Like many exploration technologies, Atomionics taps the gravity signatures of different minerals to pinpoint where they lie beneath the earth.

It is able to do so more precisely than typical air-based survey techniques, and processes data in real time using AI, speeding up the work of defining ore bodies, Mr Tapiawala said.

Drilling a single hole in the search for a mineral can cost from A$10,000 (S$8,955) to A$50,000. A lithium miner might need as many as 400 holes to prove up a resource, so building a more accurate virtual picture before drilling can substantially cut costs.

“The key challenge is that sometimes (drill holes) don’t actually hit the reserve,” Mr Tapiawala said.

The company aims to cut these “empty” samples by at least half, he added.

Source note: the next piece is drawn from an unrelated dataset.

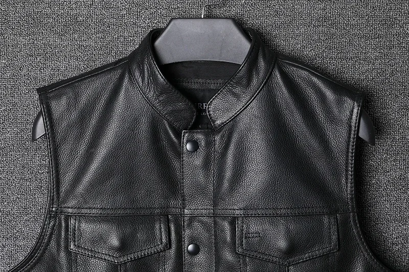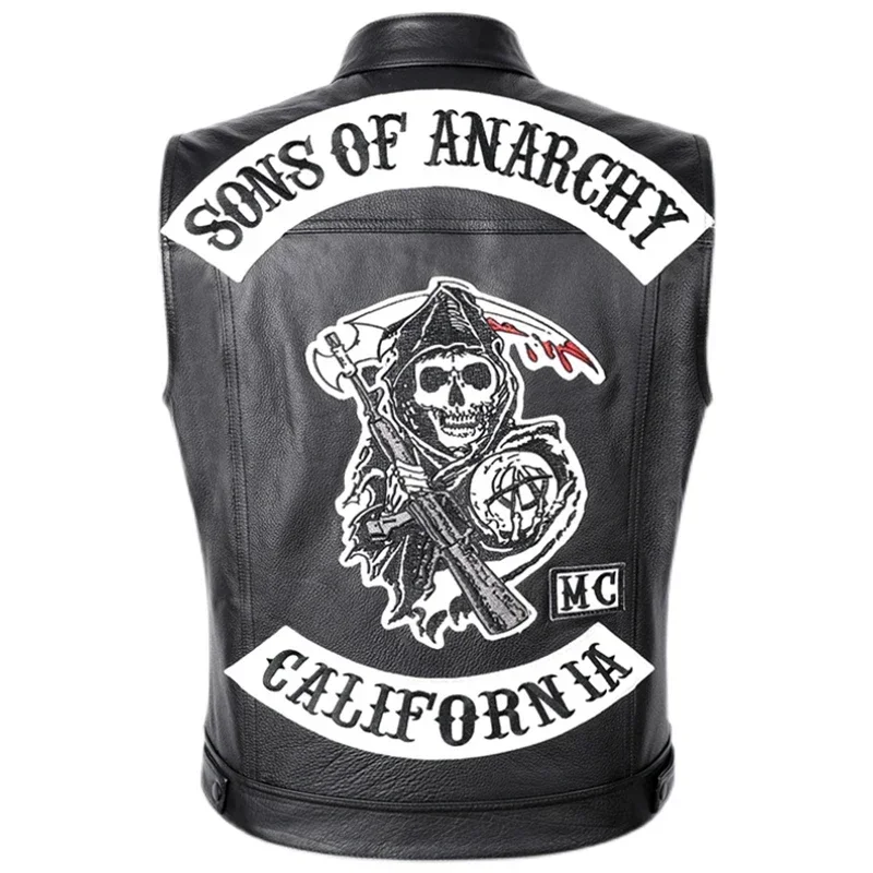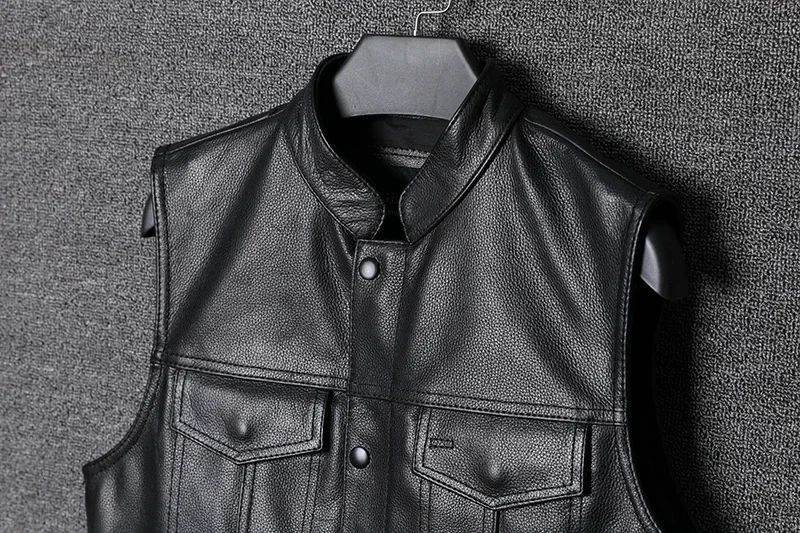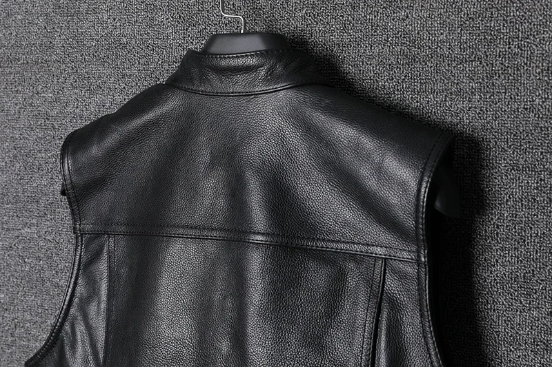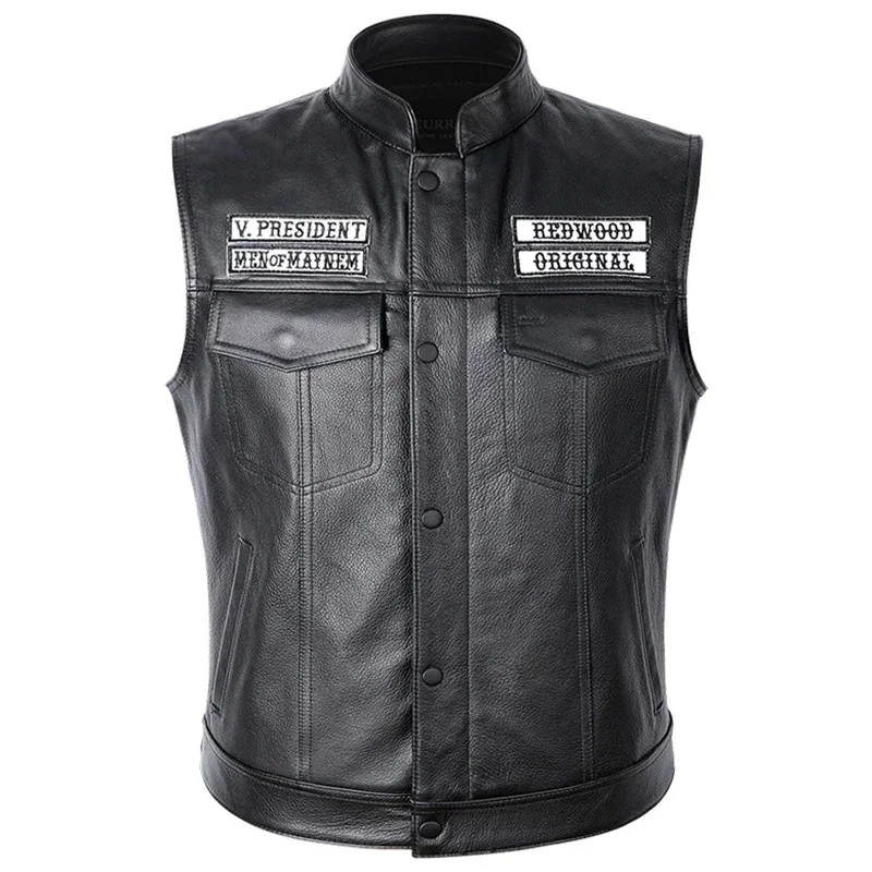 Sons of Anarchy Classical Motorcycle Biker Leather Vest Men Genuine Leather Sleeveless Jackets REAL Cowhide Motorcade Vest 6XL

The mining industry uses various techniques to find minerals, including ground-penetrating radar and aeromagnetic surveys, but no one method guarantees success.

KoBold Metals, a California-based start-up whose backers include billionaires Bill Gates and Jeff Bezos, is also using AI to search for critical metals such as lithium.

Atomionics’ first deployment was in Australia’s Queensland state to help New Hope unit Bridgeport Energy find oil.

“The energy industry would traditionally defer to seismic data before undertaking any drilling project,” Bridgeport Energy exploration manager Cameron Fink said in a statement.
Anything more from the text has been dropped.